I have checked the voltage of the incoming lines to ground: one group of 3 is fine, one has no incoming power.

@dS I checked to see if the GFCI was providing power to the switch, but it isn't (easily determined because the cable jackets are different colors). That's why I assume it has to be the "light/fan/closet" circuit. I even checked the bedroom outlets just to be sure they weren't supplying power to the switch.

Thanks!


----------



## theatretch85 (May 17, 2008)

Might be a bad connection in the breaker panel, either on the circuit breaker itself or the neutral connection at the buss bar. If it appears to be just one complete circuit affected it could even be a bad circuit breaker.
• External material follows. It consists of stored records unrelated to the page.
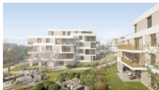
Le futur quartier résidentiel Ley Outre à Crissier est composé de 5 bâtiments implantés dans un tapis végétal.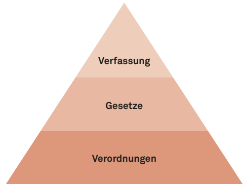
Abbildung 2: Gesetzesrecht.

Das geschriebene Recht (nur das Gewohnheits- und Richterrecht sind nicht geschrieben) nennt man auch positives oder gesetztes Recht. Es beginnt zu wirken, wenn es in einer amtlichen Publikation veröffentlicht wurde. Dabei ist es unerheblich, ob der einzelne Bürger oder die einzelne Bürgerin das Recht auch tatsächlich kennt.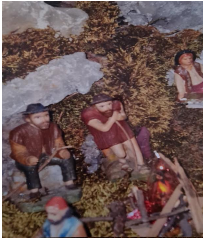
Slikovni prilog 8. Kipovi od drva u jaslicama obitelji Božić

pa bi ih trogirski djeca dolazila gledati. Nadalje, zanimljivo je primijetiti kako gospođa Marija u razgovoru jaslice naziva Betlehem, a Vitomir Belaj u svojoj disertaciji o kulturnim vrtićima (1979: 229) upozorava na nazive „jeruzalem“ i „betlehem“ za seljački božićni nakit u kutu sobe i njihovu moguću vezu s jaslicama.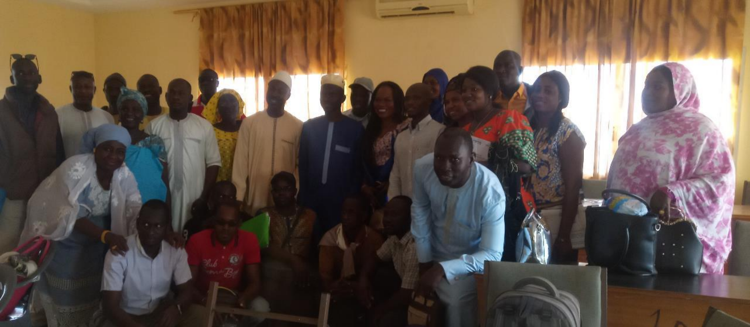
Formation des Collectifs des Directeurs d'Ecole (CODEC)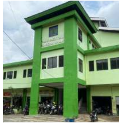
Tampak bangunan Pasar Baru Timur, kawasan Pasar Comboran Kota Malang (kiri), namun para pedagang kini masih menempati kios-kios di pinggir jalan, Senin (15/1/2024).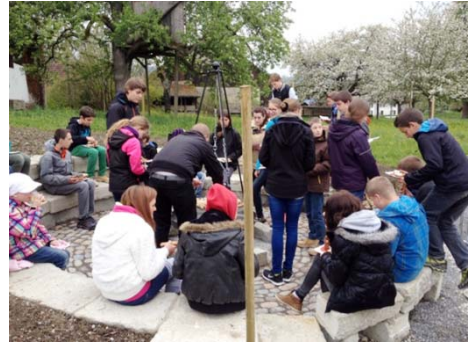
Einweihung der Feuerstelle

Das neue Atrium mit Feuerstelle vor dem Kirchgemeindehaus konnte in Betrieb genommen werden. Es ist sehr gelungen und viele Menschen haben Freude daran.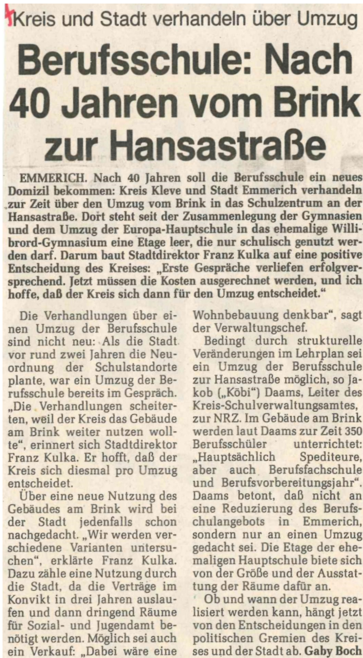
Abb. 2.: Zeitungsausschnitt aus: NRZ vom 29.04.1992.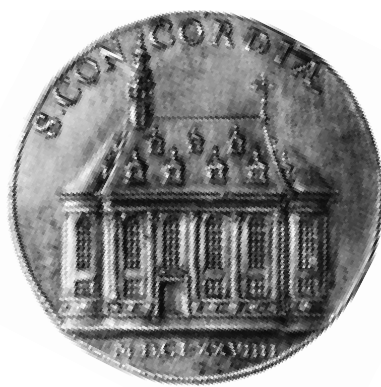
Medaille von 1679 mit Abbild der von Kurfürst Karl Ludwig errichteten Konkordienkirche in der Friedrichsburg.

Weiterführende Informationen: www.mannheim.de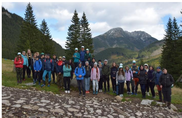
Fot. 6 Ekorajd w gminie Kościelisko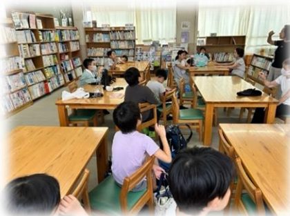
そろばん部の様子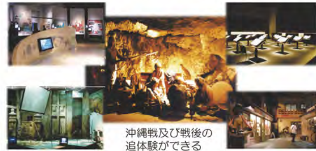
沖縄戦及び戦後の追体験ができる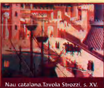
Nau catalana. Tavola Strozzi, s. XV.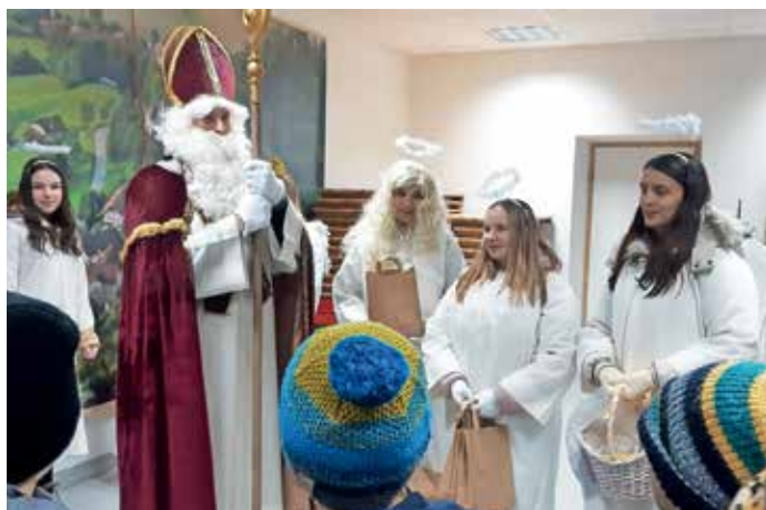
Miklavž v Javorjih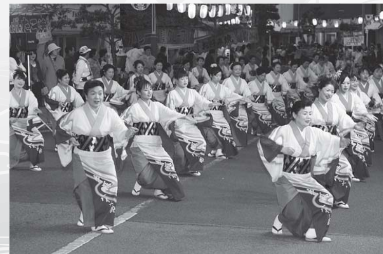
▲ハイヤ総踊りには2日間合わせて49団体・約3,300人が参加！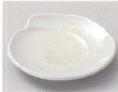
241-12-524 ヒワ吹巻型フルーツ皿 850円 15.4×3cm 24112524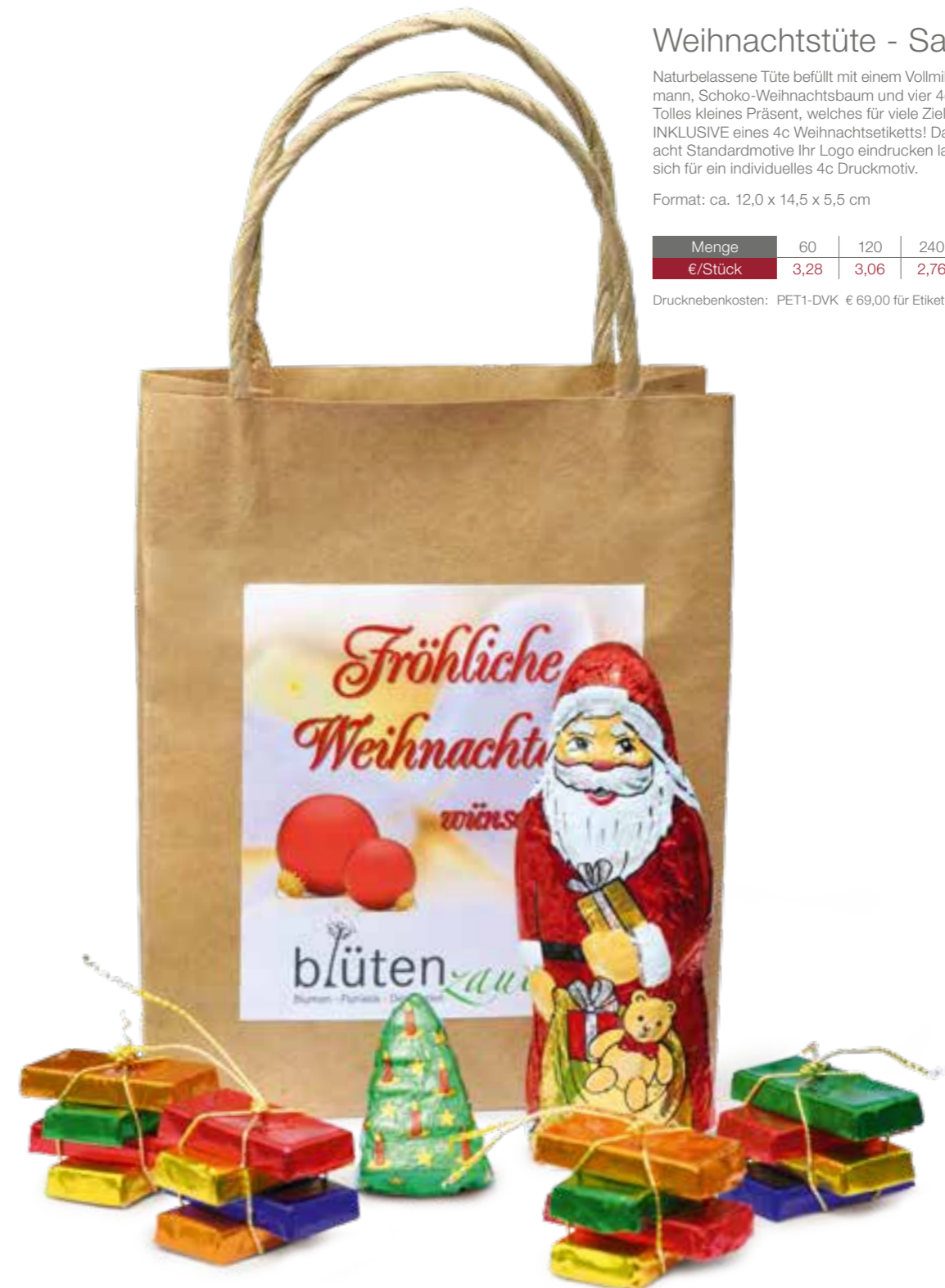
Weihnachtsetiketten - Bitte bei Bestellung gewünschte Motiv-Nummer angeben:

Drucknebenkosten: PET1-DVK € 69,00 für Etikett

Could find another breaker in the panel to disconnect and temporarily connect the wire for the suspected faulty circuit just to rule out a bad circuit breaker.


----------



## jdsmith (Mar 23, 2008)

Thanks theatretch. The problem is, the circuit I think it's part of is still supplying power to the vanity + closet, so it can't be at the breaker panel. Since the problematic side is not hot, it's difficult to determine which circuit it's part of, but if I believe the panel description, it should be the same as the other switch in the box. What's confusing me is why then you'd have two supply lines on the same circuit into a single box, and where they'd be joined upstream before the breaker panel. There's no other logical circuit to assign it to, either. Very strange...


----------



## HouseHelper (Mar 20, 2007)

jdtsmith said:


> The switch box has six 3-wire cables coming in. Three blacks are wire-nutted together, with one black coming out of this wire-nut through the functioning switch, and on to the vanity light. The non-switched hot from this group goes to the nearby closet light. This "side" of the pair of switches works fine.


This part makes sense for an incoming hot cable and two outgoing hot cables, with a pigtail to the switches. 



> The other 3 blacks in the box are wired together identically in another wire-nut. The switched hot from this group goes to the recessed light. The non-switched hot from this group of 3 goes to the shower fan/light, which now also isn't working. The problem apparently is that the supply hot for this group isn't hot.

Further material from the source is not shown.